David Miscavige Approves the Use of the Ouija Board to Replace the E-Meter

“Due to the global electronics shortage, we in Scientology are facing a 208-week backorder on repair components for our 21-year-old fleet of Ultra Mark VII e-meters,” said Ricky Rockslammer of Golden Era Electronics.

“Due to some SP’s lack of planning and stocking e-meter repair parts in 2002, our Ultra Mark VII fleet is down to only 38 working units globally — and this is all we have left even after scavenging parts off 1,200 non-operable meters!”

“Scientology leader Dr. David Miscavige applied the DANGER formula and has ordered all Scientology Orgs to use Ouija Boards in place of the e-meter. This order will be in force until 2027 when the backordered repair parts arrive from China.”

When asked why a new E-Meter has not been designed and built by the Church of Scientology, Mr. Rockslammer explained that Dr. David Miscavige’s 21-year-old Mark VII e-meter represents the zenith of technical perfection for all of eternity and no improvements are possible.

“NASA, the CIA, the NRO, CERN, Harvard, MIT, Caltech and even the esteemed astrophysicist Dr. Neil deGrasse Tyson have all examined the e-meter designed by Dr. David Miscavige and declared it to be at least 50,000 years ahead of its time. Some even swear that COB must have come from the future to our time to give humanity the gift of this e-meter and the hope of salvation by the purchase of Scientology goods and services.”

6 replies »

  1. I kinda hate to be Miss Smarty Pants here, but I have an easy solution for this atrocious dilemma. All Dr. COB RTC Capt’n David ‘f/n’ Miscavige has to do is order the downstats in the tens of thousands of Ideal Orgs in China onto the “Public RPF” to do a stint in the Rare Earth element mines to get production back to Normal. How easy is that? Easy peasee, and no I don’t expect a commendation for this suggestion but a gift certificate to my local Denny’s would certainly be most welcome this time of year since my Wog family has disowned me for my constant Dissemination efforts and a tasty holiday meal would be nice.

    Liked by 2 people

  2. It sure sounds like the supply chain people at Golden Era are the same people that are in charge of the inventory of military equipment in the Russian army. They’re trying to dig out 1960s era tanks from storage in Siberia only to discover that all the supply clerks have stripped the wiring and engines out of the tanks to sell on the Russian equivalent of eBay.

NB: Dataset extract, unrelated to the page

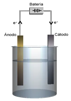 Es el proceso mediante el cual se utiliza la corriente eléctrica para forzar que se produzcan reacciones químicas de oxido-reducción (redox) no espontaneas. El sistema reaccionante está constituido por una celda y la corriente entra y sale desde los electrodos, a este tipo de celda se le conoce como celda electrolítica, otro tipo de celda son las denominadas celdas voltaicas o galvánicas, en las cales una reacción espontanea produce energía eléctrica capaz de suministrarse a un circuito eléctrico.

    The Golden Era staff has probably been selling the chips on Craigslist to get money to buy smokes, so that they make sure they don’t get cancer, in line with Hubbard policy.


    • We in RTC suspect the missing chips were stolen and sold to the Psychs by secret CIA agents posing as Sea Org members at Golden Era. The Psychs have been after the secrets of Scientology’s e-meter for decades! But yes, the chips may have been stolen by Gold Base crew to pay for their cigarettes, toilet paper, and real food.